Please repeat only the lines below starting at the line that holds "Новый жилой комплекс" and ending at the line that holds "湖北省電力公司根據(jù)國", exactly, with both of those lines included and every picture omitted.

::: Dataset

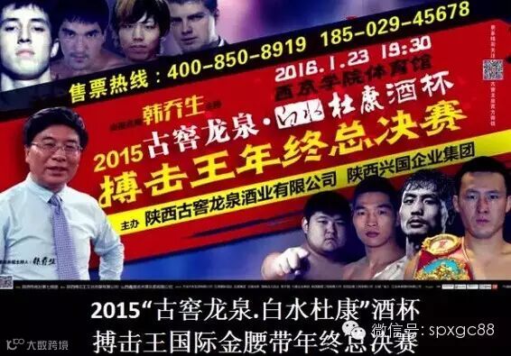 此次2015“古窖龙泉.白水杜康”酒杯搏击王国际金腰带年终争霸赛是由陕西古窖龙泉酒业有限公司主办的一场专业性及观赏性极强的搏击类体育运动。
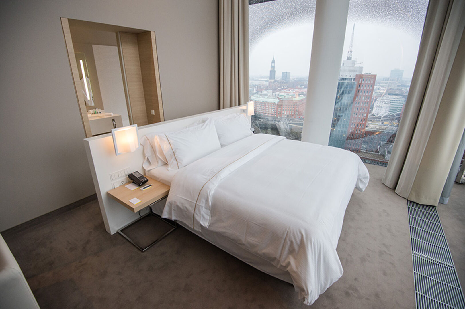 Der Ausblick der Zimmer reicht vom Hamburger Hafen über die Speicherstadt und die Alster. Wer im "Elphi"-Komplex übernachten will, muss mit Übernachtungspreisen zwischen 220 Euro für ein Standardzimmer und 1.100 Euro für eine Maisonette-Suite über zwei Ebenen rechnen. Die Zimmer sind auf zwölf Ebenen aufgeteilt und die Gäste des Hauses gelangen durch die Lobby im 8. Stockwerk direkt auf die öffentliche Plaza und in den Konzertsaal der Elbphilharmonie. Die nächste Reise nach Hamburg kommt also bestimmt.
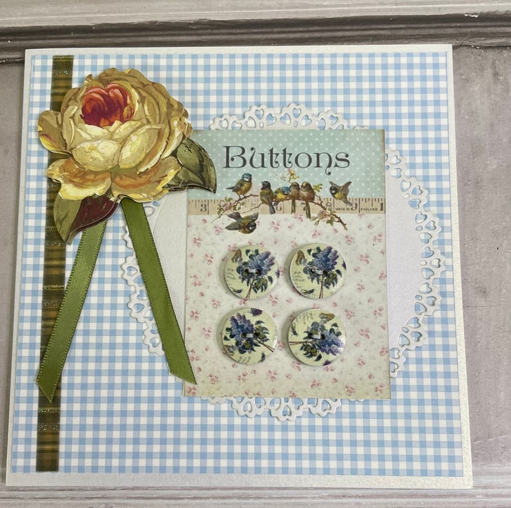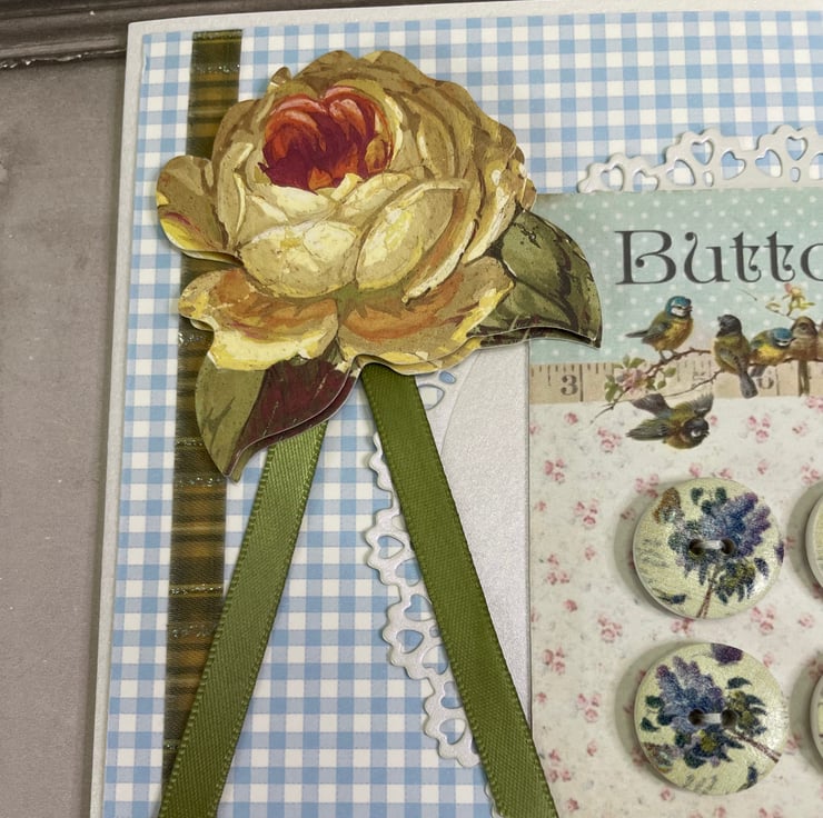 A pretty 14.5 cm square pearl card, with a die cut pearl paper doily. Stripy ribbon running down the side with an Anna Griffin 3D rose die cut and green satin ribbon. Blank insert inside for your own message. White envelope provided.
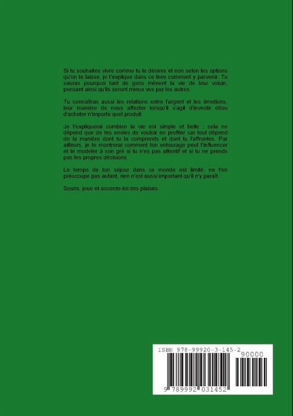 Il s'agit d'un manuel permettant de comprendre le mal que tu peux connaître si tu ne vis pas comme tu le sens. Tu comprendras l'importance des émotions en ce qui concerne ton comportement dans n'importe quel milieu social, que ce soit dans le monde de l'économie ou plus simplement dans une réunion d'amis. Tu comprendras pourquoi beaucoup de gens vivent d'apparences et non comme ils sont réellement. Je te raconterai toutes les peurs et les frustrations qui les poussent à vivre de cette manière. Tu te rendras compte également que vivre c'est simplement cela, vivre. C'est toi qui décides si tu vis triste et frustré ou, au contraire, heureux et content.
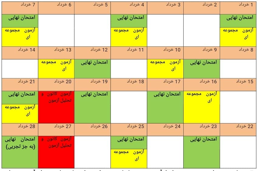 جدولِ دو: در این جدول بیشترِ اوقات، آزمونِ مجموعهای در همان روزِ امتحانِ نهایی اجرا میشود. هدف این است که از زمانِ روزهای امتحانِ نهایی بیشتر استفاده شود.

::::::
::: Dataset

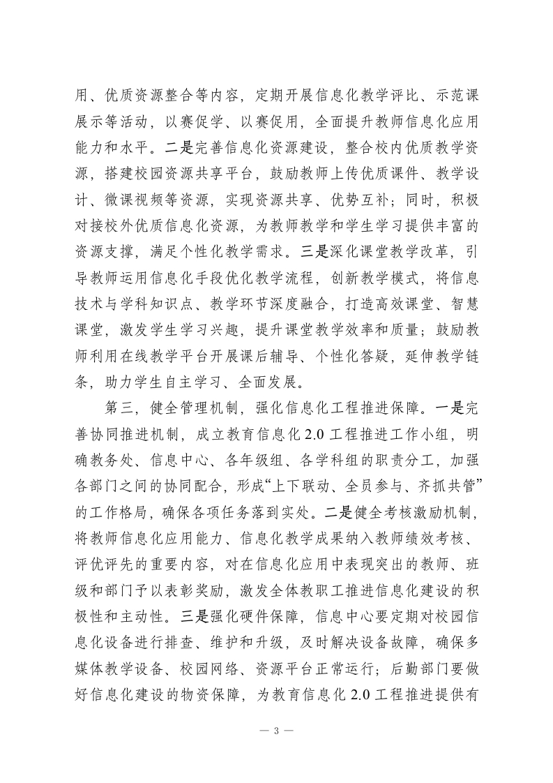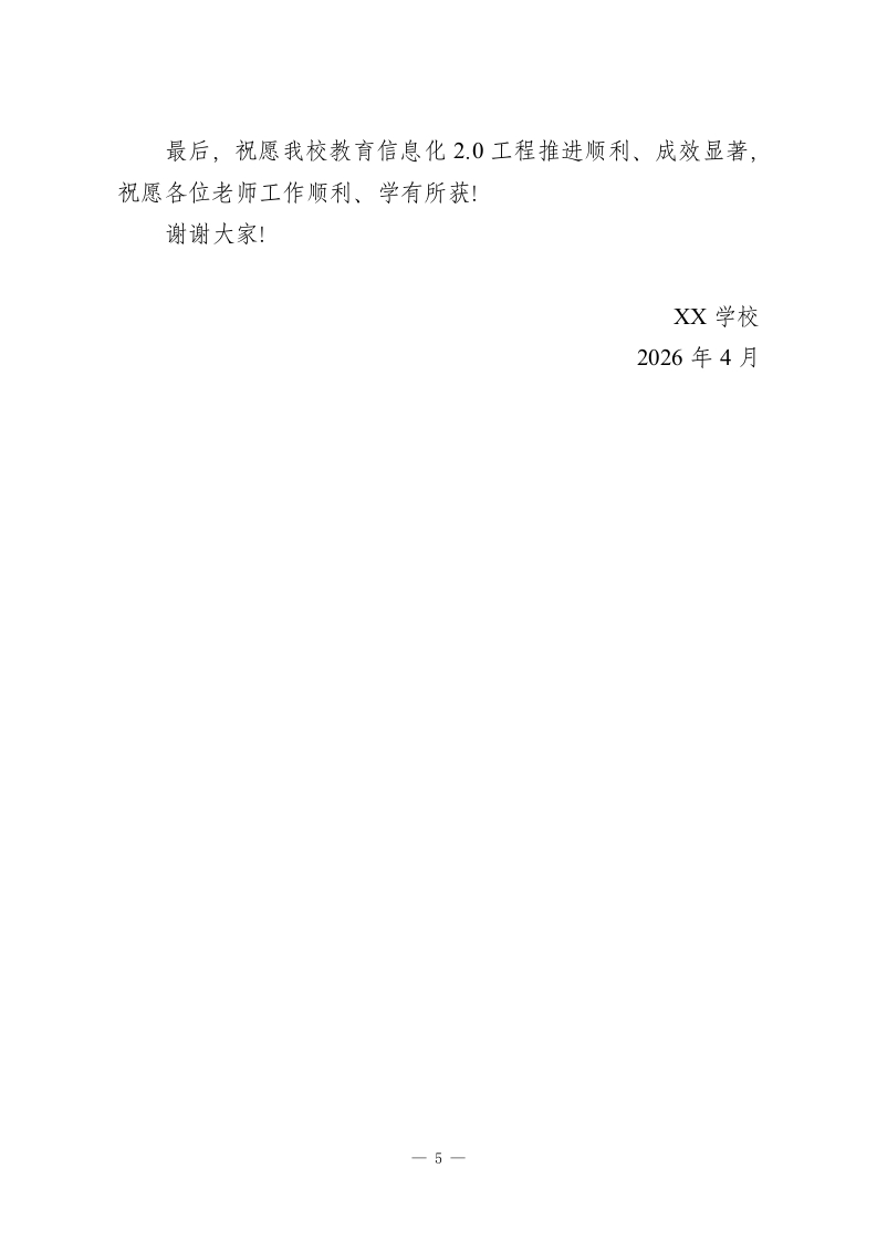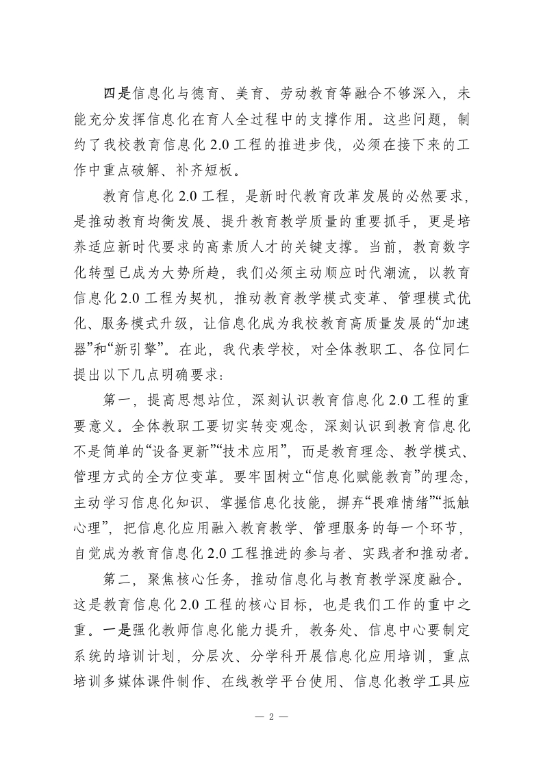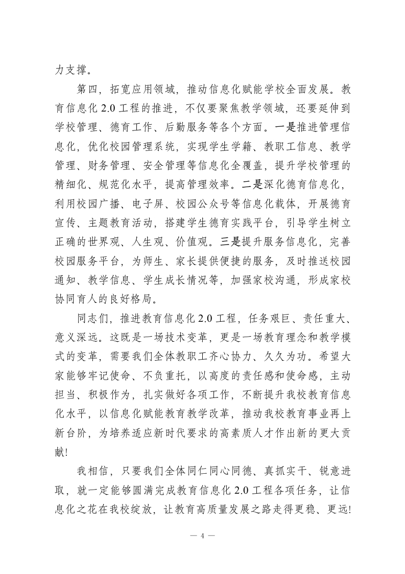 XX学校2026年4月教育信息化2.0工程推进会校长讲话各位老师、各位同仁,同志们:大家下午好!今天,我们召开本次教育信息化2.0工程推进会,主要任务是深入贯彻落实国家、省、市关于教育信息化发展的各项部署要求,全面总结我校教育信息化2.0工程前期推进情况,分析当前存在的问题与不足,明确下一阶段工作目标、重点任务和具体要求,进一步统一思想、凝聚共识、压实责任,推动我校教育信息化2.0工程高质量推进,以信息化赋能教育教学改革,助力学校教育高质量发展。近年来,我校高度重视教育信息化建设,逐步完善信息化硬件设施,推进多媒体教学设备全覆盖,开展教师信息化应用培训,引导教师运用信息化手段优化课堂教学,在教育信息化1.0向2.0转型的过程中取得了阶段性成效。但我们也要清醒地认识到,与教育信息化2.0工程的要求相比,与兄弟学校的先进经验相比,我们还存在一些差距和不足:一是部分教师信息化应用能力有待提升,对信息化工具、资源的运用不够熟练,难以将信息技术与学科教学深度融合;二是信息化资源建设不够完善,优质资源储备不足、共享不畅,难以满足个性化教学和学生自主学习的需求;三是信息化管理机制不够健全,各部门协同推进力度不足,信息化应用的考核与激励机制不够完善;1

::::::
::: Dataset

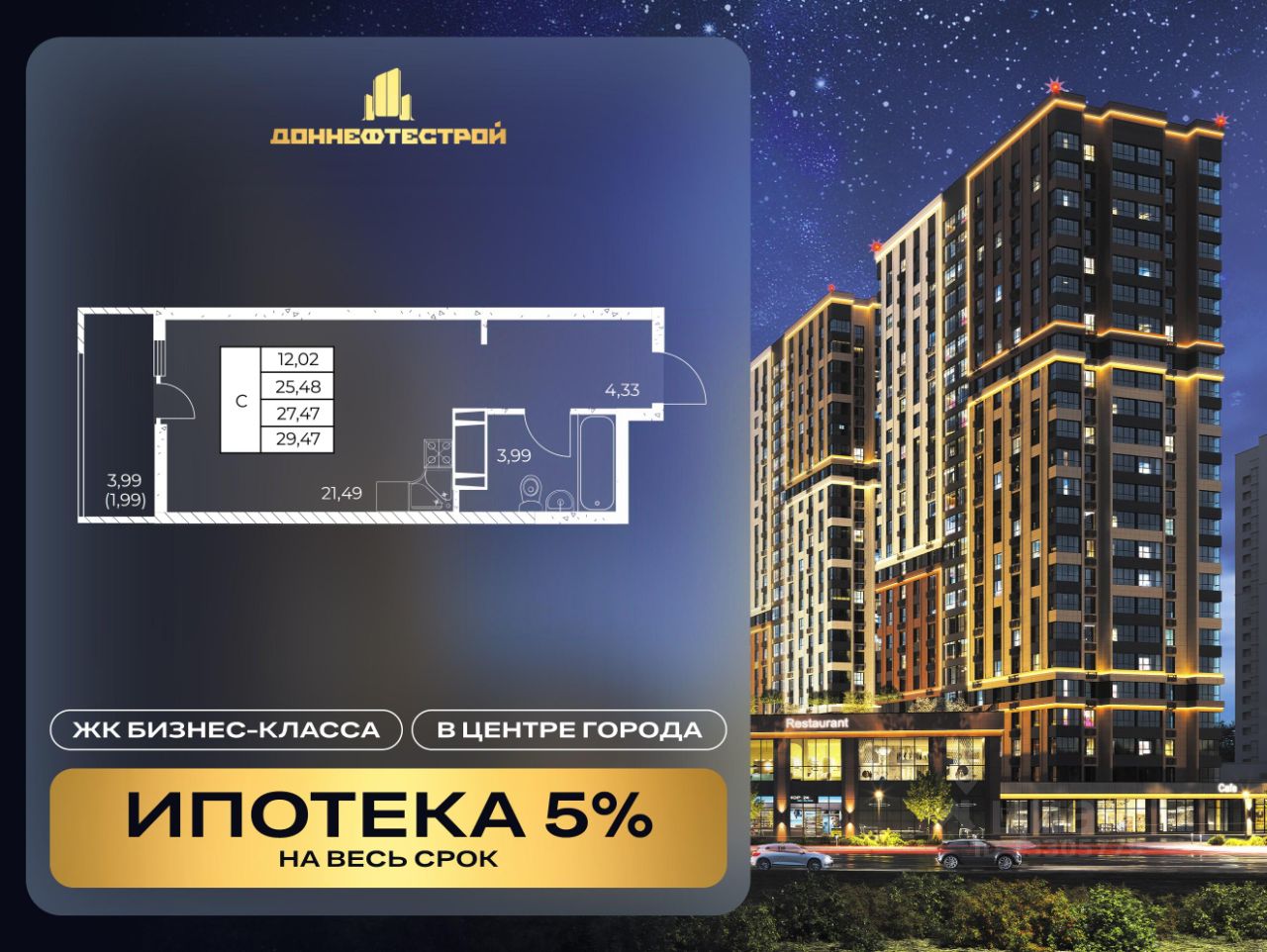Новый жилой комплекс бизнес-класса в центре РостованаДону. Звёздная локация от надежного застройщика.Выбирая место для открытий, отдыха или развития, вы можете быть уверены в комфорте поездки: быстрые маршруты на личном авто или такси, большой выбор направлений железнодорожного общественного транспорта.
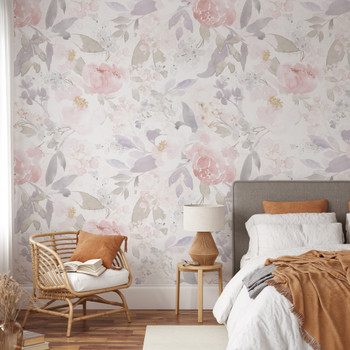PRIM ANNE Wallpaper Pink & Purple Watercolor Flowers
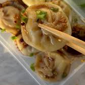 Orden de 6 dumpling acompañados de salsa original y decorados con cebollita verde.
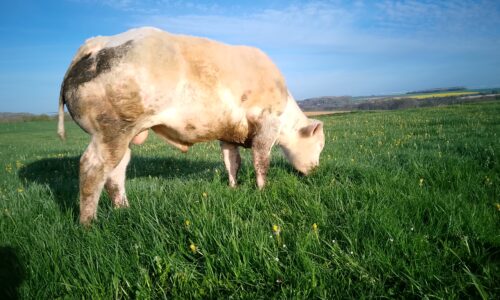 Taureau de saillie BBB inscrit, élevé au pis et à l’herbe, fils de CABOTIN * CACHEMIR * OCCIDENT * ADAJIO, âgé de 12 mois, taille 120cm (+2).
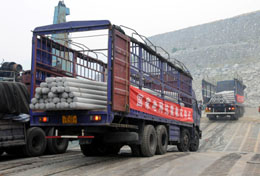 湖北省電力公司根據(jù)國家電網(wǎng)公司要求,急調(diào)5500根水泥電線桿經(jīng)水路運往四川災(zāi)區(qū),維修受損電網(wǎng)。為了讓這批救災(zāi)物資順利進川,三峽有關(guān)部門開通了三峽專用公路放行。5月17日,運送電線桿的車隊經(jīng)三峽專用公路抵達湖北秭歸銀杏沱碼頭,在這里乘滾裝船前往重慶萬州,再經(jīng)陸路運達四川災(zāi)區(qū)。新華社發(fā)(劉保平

::::::

Expected output -
Новый жилой комплекс бизнес-класса в центре РостованаДону. Звёздная локация от надежного застройщика.Выбирая место для открытий, отдыха или развития, вы можете быть уверены в комфорте поездки: быстрые маршруты на личном авто или такси, большой выбор направлений железнодорожного общественного транспорта.
PRIM ANNE Wallpaper Pink & Purple Watercolor Flowers
 Orden de 6 dumpling acompañados de salsa original y decorados con cebollita verde.
 Taureau de saillie BBB inscrit, élevé au pis et à l’herbe, fils de CABOTIN * CACHEMIR * OCCIDENT * ADAJIO, âgé de 12 mois, taille 120cm (+2).
 湖北省電力公司根據(jù)國家電網(wǎng)公司要求,急調(diào)5500根水泥電線桿經(jīng)水路運往四川災(zāi)區(qū),維修受損電網(wǎng)。為了讓這批救災(zāi)物資順利進川,三峽有關(guān)部門開通了三峽專用公路放行。5月17日,運送電線桿的車隊經(jīng)三峽專用公路抵達湖北秭歸銀杏沱碼頭,在這里乘滾裝船前往重慶萬州,再經(jīng)陸路運達四川災(zāi)區(qū)。新華社發(fā)(劉保平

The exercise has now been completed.